The Wall Street Crash and Depression
In 1928 the new Republican president Herbert Hoover confidently stated, 'We in America today are nearer to the final triumph over poverty than ever before in the history of any land.' Within a year, all the confidence had ended and America was plunged into the Depression.
When the Wall Street stock market crashed in October 1929, the world economy was plunged into the Great Depression. By the winter of 1932, America was in the depths of the greatest economic depression [Economic depression: The slowing of economic activity, which usually results in high unemployment, a sharp drop in prices and a fall in production. ] in its history.

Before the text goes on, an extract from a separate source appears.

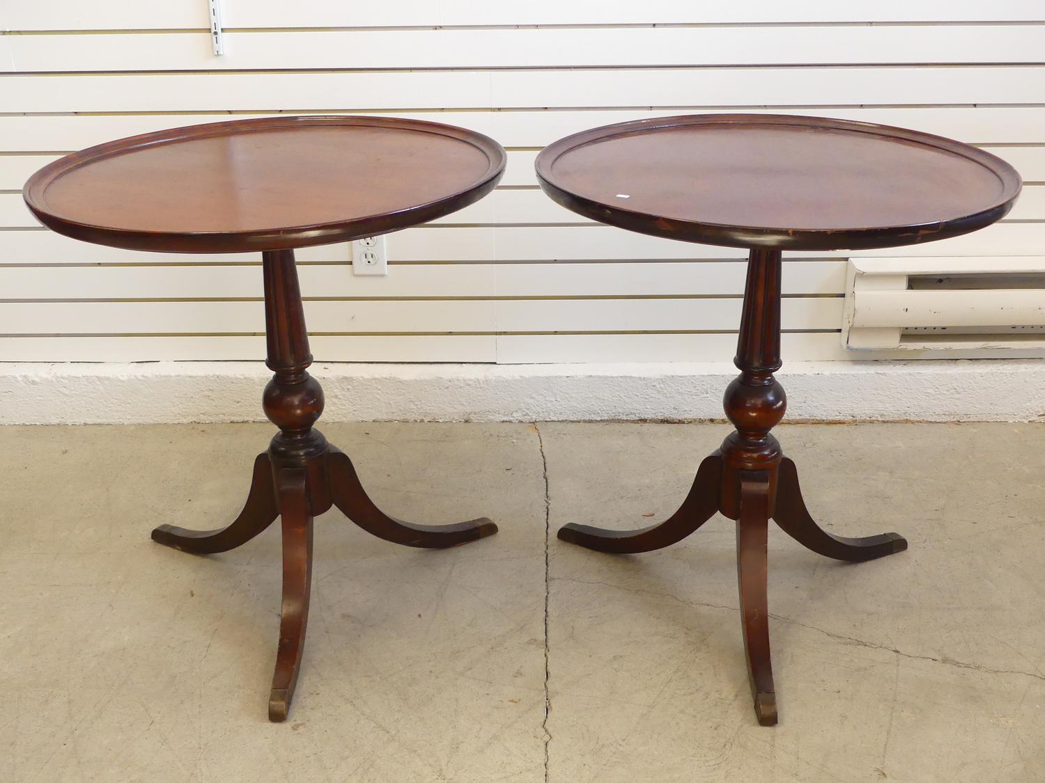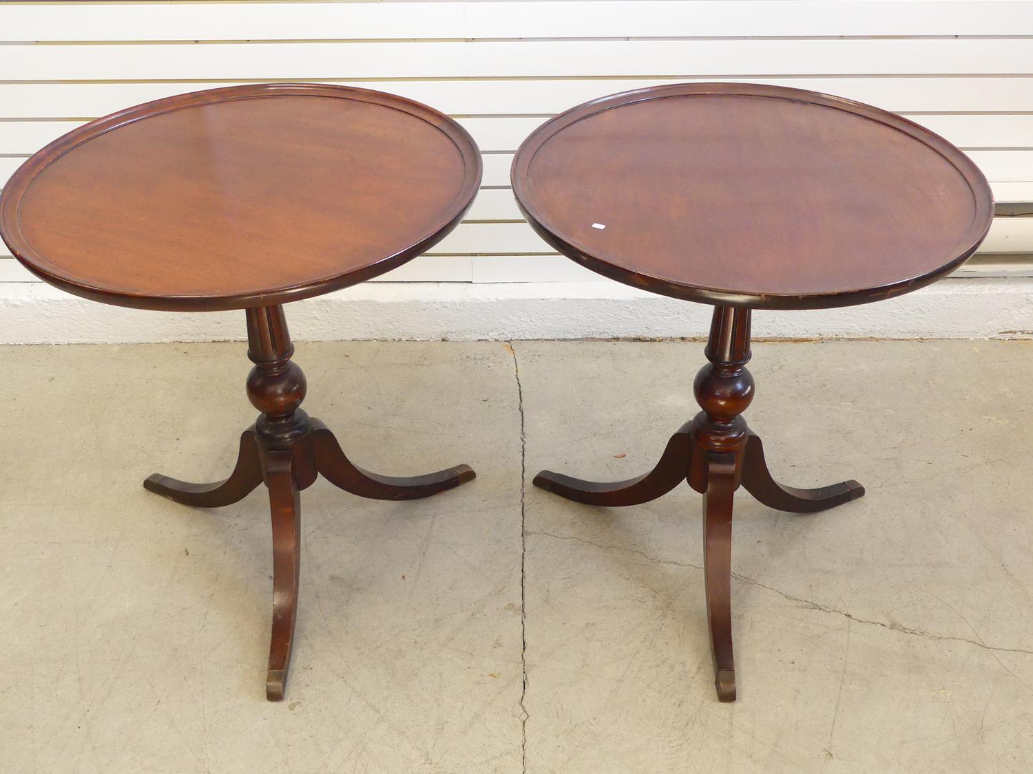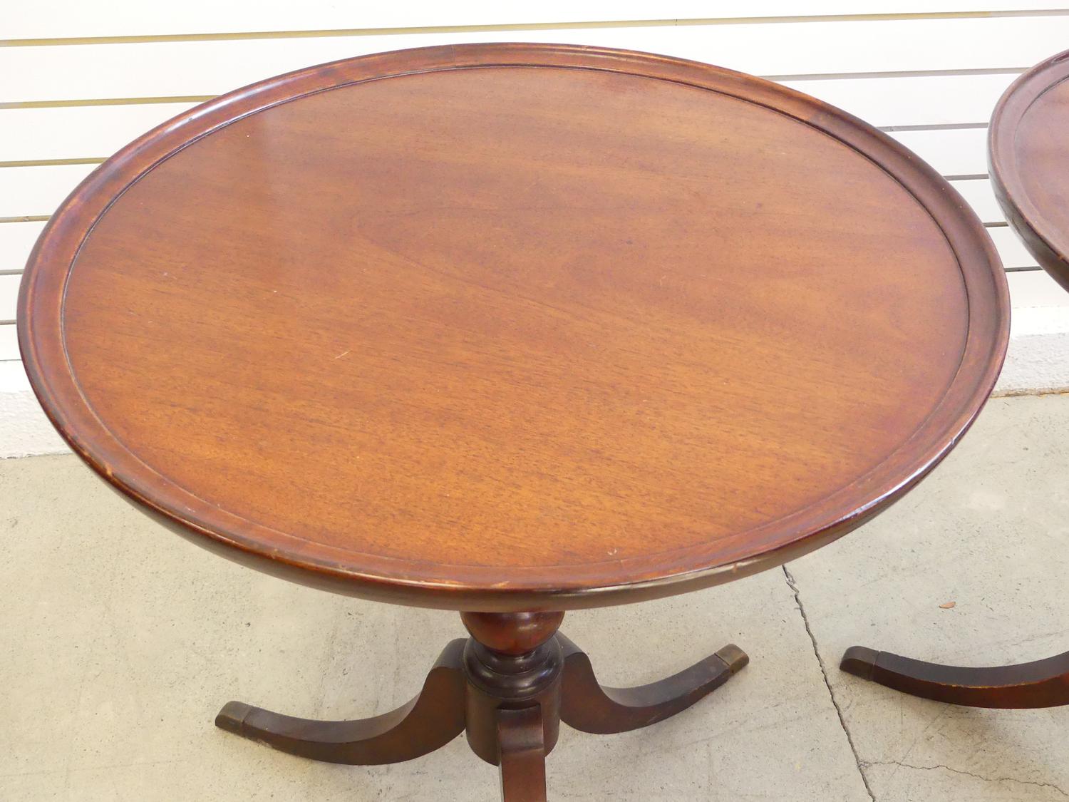 pair of mahogany finish pedestal tables, deilcraft c.1960, 27 1/2" x 26"

The number of unemployed people reached upwards of 13 million. Many people lived in primitive conditions close to famine. One New York family moved into a cave in Central Park. In St Louis, more than 1,000 people lived in shacks made from scrap metal and boxes. There were many similar Hoovervilles all over America. Between 1 and 2 million people travelled the country desperately looking for work. Signs saying 'No Men Wanted' were displayed all over the country.
By the time of the election in November 1932, Hoover's popularity had reached rock bottom. It was not even safe for him to go onto the streets to campaign. After his heavy defeat, Hoover told his friends,
"we are at the end of our string... there is nothing more we can do". The American economy did not fully recover until the USA entered the Second World War in December 1941.